The ecological environment scenarios in these studies are affected by a variety of human activities, such as tourism [1], invasive alien species and their artificial management [2], reservoir construction [3,4,5], urban expansion and economic activities [6,7,9,12], mining activities [8,11], and harvest/deforestation [10], which are representative of those currently affecting the ecological environment.

In terms of academic contributions, the framework proposed by Ref. [1] for constructing a heritage corridor system has made theoretical contributions. Furthermore, some new and improved methods have been developed to extract and analyze environmental information, including a long-time series evolution and scenario simulation method [6], an integrated decomposition–reclassification–prediction method [7], the geographically weighted differential factor artificial neural network (GWDF-ANN) [8], the improved benefit transfer method [9], the multitemporal convolutional network framework (MT-CNN) [10], and a model to extract water body information [12]. In addition, other studies applied existing methods and focused on revealing the pattern of ecological environment changes in corresponding study areas [2,3,4,5,11].

3. Conclusions

This Editorial reviews the 12 publications in the Special Issue “Remote Sensing and Geospatial Approaches for Studying the Environment Affected by Human Activities”, and the following conclusions can be drawn.

This Special Issue features publications that have enriched the knowledge in the field of ecological environment changes caused by human activities, highlighting the new achievements realized by those research works in their respective research directions. These new findings have provided important scientific information for local ecological environment protection, and the proposed theories and methods are worth popularizing and applying in similar ecological environment scenarios.

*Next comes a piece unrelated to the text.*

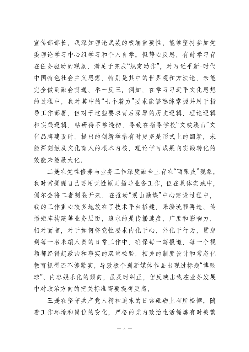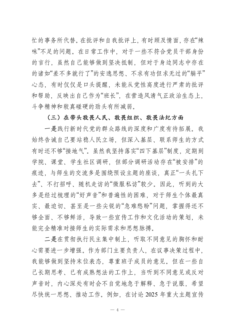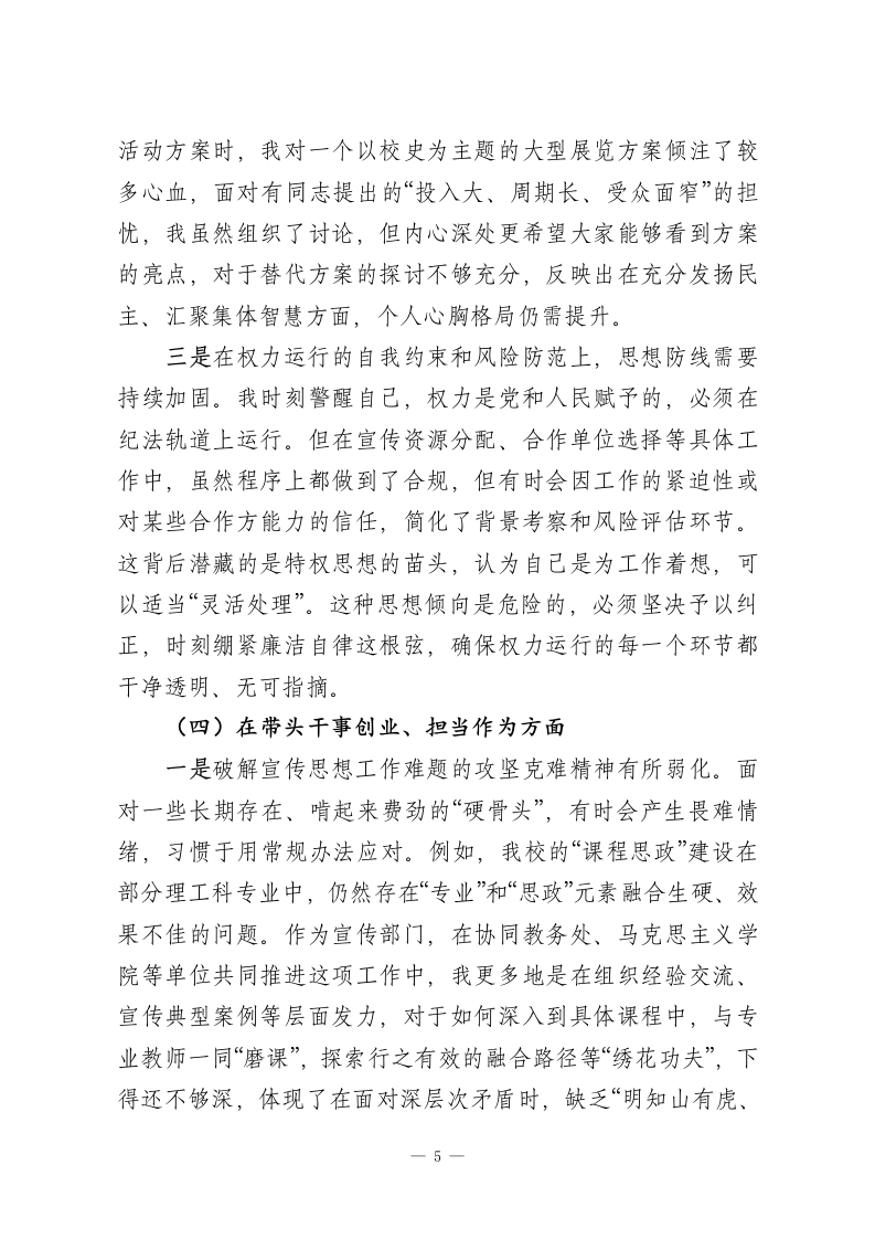 学校2025年度民主生活会个人对照检查(结合宜传工作)根据校党委关于召开2025年度民主生活会的统一部署和要求,我紧扣本次民主生活会主题,在深入学习领会习近平新时代中国特色社会主义思想、党的二十届三中、四中全会精神,以及习近平总书记重要讲话和重要指示批示精神的基础上,我认真回顾和总结了一年来的思想、工作与作风情况。通过广泛征求意见、深入谈心谈话,我把自己摆进去、把职责摆进去、把工作摆进去,对照5个方面要求,深刻查摆了自身存在的问题,剖析了问题产生的根源,并明确了今后的努力方向和整改措施。现将个人对照检查情况报告如下。一、存在的主要问题(一)在带头强化政治忠诚、提高政治能力方面一是在将政治判断力、政治领悟力、政治执行力贯穿宣传思想工作全过程的敏锐性和穿透力上仍有不足。我深刻认识到,宣传思想工作本质上是政治工作,必须旗帜鲜明讲政治。但在实际工作中,偶尔存在就业务抓业务的惯性思维。例如,在2025年初策划全年宣传工作要点时,我最初的思考更多集中在如何提升学校新闻的“上稿率”、如何打造更具吸引力的校园文化活动品牌等具体指标上,对于如何将党的二十届四中全会提出的关于完善党的自我革命制度规范体系等重大理论创新,更深层次、体系化地融入理论宣讲和校园文化建设的顶层设计中,思考得不够深邃,未能第一时间形成系统性的宣传阐释方案,导1

However, the types of ecological environment scenarios and human activities in focus still need to be expanded, e.g., the impact of industrial emissions on the atmosphere and the impact of human activities on the polar environment. In addition, the accuracy of analyzing the coupled influence of various natural disturbances and human alterations on the environment still needs to be improved. In the future, it is expected that better solutions to these problems will be realized.